Please repeat, exactly and without pictures, the lines of the entries below that run from the one containing "Auf dieser riesigen" through the one containing "Ранее он заявил, что".

## MATERIAL FOR THIS TASK:
•••
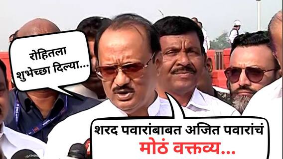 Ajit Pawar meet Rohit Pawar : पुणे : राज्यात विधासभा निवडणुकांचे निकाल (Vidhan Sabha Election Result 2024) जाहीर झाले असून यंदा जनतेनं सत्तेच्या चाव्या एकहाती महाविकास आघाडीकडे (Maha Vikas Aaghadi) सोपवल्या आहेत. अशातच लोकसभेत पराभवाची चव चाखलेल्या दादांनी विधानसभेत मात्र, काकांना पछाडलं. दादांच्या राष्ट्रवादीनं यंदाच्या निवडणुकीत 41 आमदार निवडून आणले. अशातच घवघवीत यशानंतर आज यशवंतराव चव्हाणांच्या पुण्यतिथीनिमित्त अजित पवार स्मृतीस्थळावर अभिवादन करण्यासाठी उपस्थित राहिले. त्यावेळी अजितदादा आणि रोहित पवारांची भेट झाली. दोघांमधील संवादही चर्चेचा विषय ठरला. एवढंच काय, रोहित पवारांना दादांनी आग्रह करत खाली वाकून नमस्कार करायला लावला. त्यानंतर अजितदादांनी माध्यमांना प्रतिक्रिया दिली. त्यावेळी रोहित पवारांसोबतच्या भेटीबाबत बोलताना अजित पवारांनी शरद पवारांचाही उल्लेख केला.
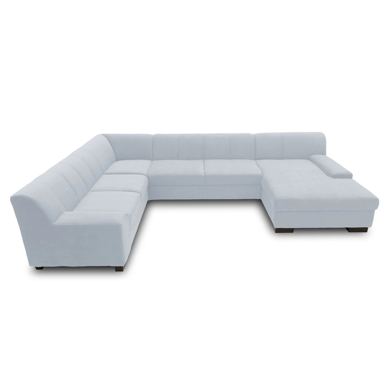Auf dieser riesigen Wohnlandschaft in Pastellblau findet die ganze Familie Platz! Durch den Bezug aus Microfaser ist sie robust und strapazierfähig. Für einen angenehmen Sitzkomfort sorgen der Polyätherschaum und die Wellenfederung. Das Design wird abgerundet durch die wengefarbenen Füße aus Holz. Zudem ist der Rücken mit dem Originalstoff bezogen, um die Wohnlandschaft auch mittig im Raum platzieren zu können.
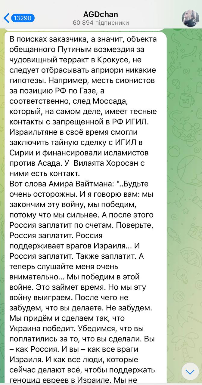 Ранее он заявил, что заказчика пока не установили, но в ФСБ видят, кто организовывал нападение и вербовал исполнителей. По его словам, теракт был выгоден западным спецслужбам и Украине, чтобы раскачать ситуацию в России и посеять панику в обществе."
•••
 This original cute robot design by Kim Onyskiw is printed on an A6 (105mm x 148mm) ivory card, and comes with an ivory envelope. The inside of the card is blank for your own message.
•••
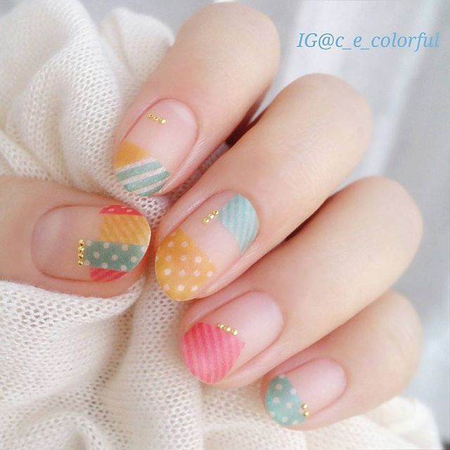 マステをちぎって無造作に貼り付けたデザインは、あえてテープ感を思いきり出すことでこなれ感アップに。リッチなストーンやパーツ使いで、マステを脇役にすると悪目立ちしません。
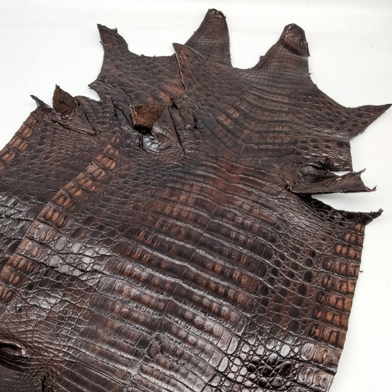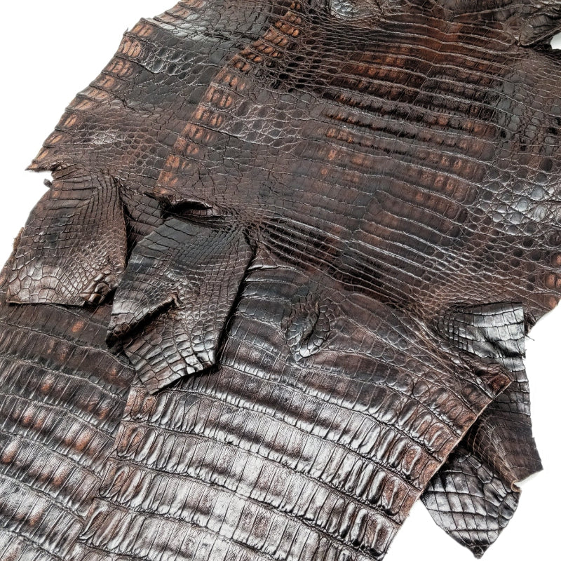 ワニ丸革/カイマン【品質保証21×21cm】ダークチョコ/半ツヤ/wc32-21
•••
## ANSWER BOX:
Auf dieser riesigen Wohnlandschaft in Pastellblau findet die ganze Familie Platz! Durch den Bezug aus Microfaser ist sie robust und strapazierfähig. Für einen angenehmen Sitzkomfort sorgen der Polyätherschaum und die Wellenfederung. Das Design wird abgerundet durch die wengefarbenen Füße aus Holz. Zudem ist der Rücken mit dem Originalstoff bezogen, um die Wohnlandschaft auch mittig im Raum platzieren zu können.
 Ранее он заявил, что заказчика пока не установили, но в ФСБ видят, кто организовывал нападение и вербовал исполнителей. По его словам, теракт был выгоден западным спецслужбам и Украине, чтобы раскачать ситуацию в России и посеять панику в обществе."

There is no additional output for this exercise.